Dataset entries:
+-------+

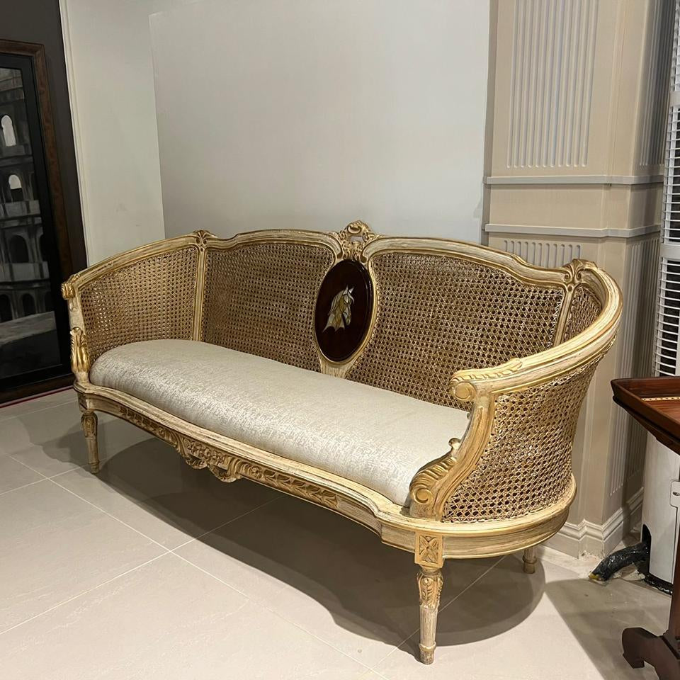 This antique-style sofa boasts an oval medallion backrest with carved details and patterned upholstery. Delicate and artistic in its structure. Perfect for heritage-inspired interiors.
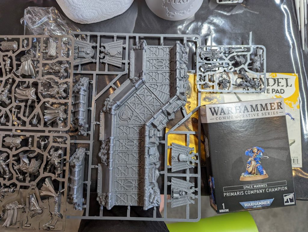 There were some insane sprues in the pile too, such as half of a Belakor, terrain of all kinds (Age of Sigmar, 40k, and even Titanicus), Sisters of Battle, Grey Knights or Daemons. A real converter’s dream to be able to take from without having to break the bank!
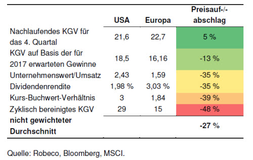 „Europäische Aktien sind erstaunlich unbeliebt. Und das trotz einer starken Bilanzsaison, die sie in Relation zu US-Titeln attraktiver gemacht hat“, stellt Lukas Daalder von Robeco fest. Für den Chief Investment Officer der niederländischen Fondsgesellschaft sprechen derzeit vier Faktoren für die Anlageregion Europa. Allerdings sollten Anleger die Risiken im Auge behalten. „Die US-Aktienmärkte sind stärker gestiegen als die zugrundeliegenden Unternehmensgewinne rechtfertigen, während europäische Aktien nicht mit dem Anstieg der Unternehmensgewinne im ersten Vierteljahr 2017 Schritt gehalten haben. Stattdessen konzentrieren sich Anleger auf eher unerfreuliche Themen wie den Brexit und die Ausbreitung von Populismus“, analysiert Lukas Daalder, Chief Investment Officer von Robeco Investment Solutions. Das bedeutet Daalder zufolge, dass US-Aktien „für Perfektion bepreist sind”, europäische Aktien dagegen „für Depression”.
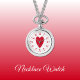 Necklace Watch Geschenk. Mit einer roten Liebe Herz und Uhr Zahlen auf weißem Hintergrund.
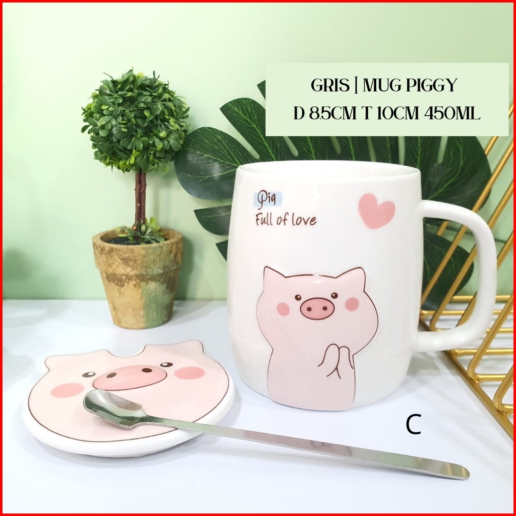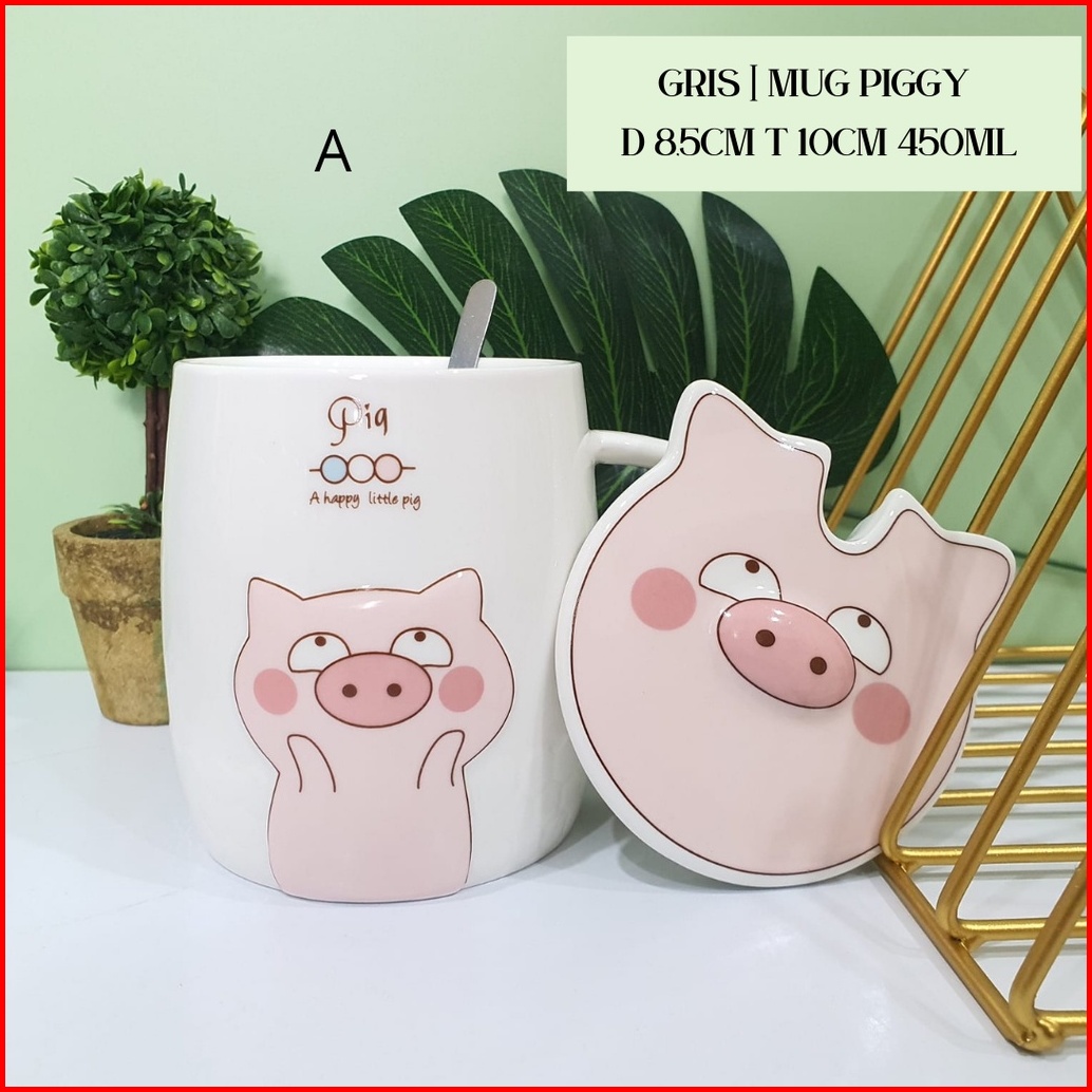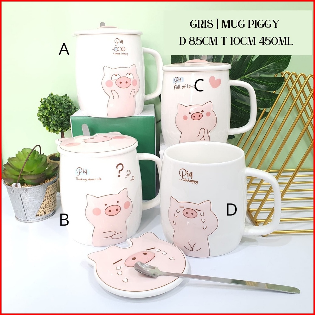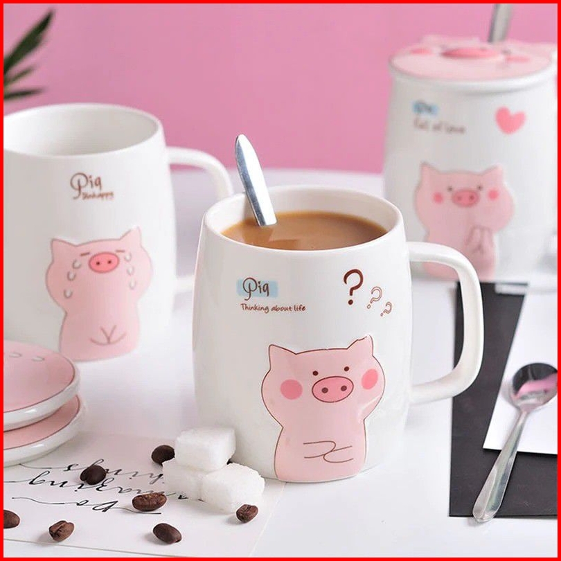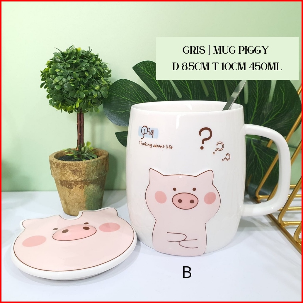 Mug Keramik Cute Pig Gelas Piggy Gelas Kopi Pig Sendok Tanpa Hiasan

+-------+

DESCRIPTION OF THE TASK:
Are you able to set down all the lines above exactly, without any pictures?

FINISHED TASK:
 This antique-style sofa boasts an oval medallion backrest with carved details and patterned upholstery. Delicate and artistic in its structure. Perfect for heritage-inspired interiors.
 There were some insane sprues in the pile too, such as half of a Belakor, terrain of all kinds (Age of Sigmar, 40k, and even Titanicus), Sisters of Battle, Grey Knights or Daemons. A real converter’s dream to be able to take from without having to break the bank!
 „Europäische Aktien sind erstaunlich unbeliebt. Und das trotz einer starken Bilanzsaison, die sie in Relation zu US-Titeln attraktiver gemacht hat“, stellt Lukas Daalder von Robeco fest. Für den Chief Investment Officer der niederländischen Fondsgesellschaft sprechen derzeit vier Faktoren für die Anlageregion Europa. Allerdings sollten Anleger die Risiken im Auge behalten. „Die US-Aktienmärkte sind stärker gestiegen als die zugrundeliegenden Unternehmensgewinne rechtfertigen, während europäische Aktien nicht mit dem Anstieg der Unternehmensgewinne im ersten Vierteljahr 2017 Schritt gehalten haben. Stattdessen konzentrieren sich Anleger auf eher unerfreuliche Themen wie den Brexit und die Ausbreitung von Populismus“, analysiert Lukas Daalder, Chief Investment Officer von Robeco Investment Solutions. Das bedeutet Daalder zufolge, dass US-Aktien „für Perfektion bepreist sind”, europäische Aktien dagegen „für Depression”.
 Necklace Watch Geschenk. Mit einer roten Liebe Herz und Uhr Zahlen auf weißem Hintergrund.
 Mug Keramik Cute Pig Gelas Piggy Gelas Kopi Pig Sendok Tanpa Hiasan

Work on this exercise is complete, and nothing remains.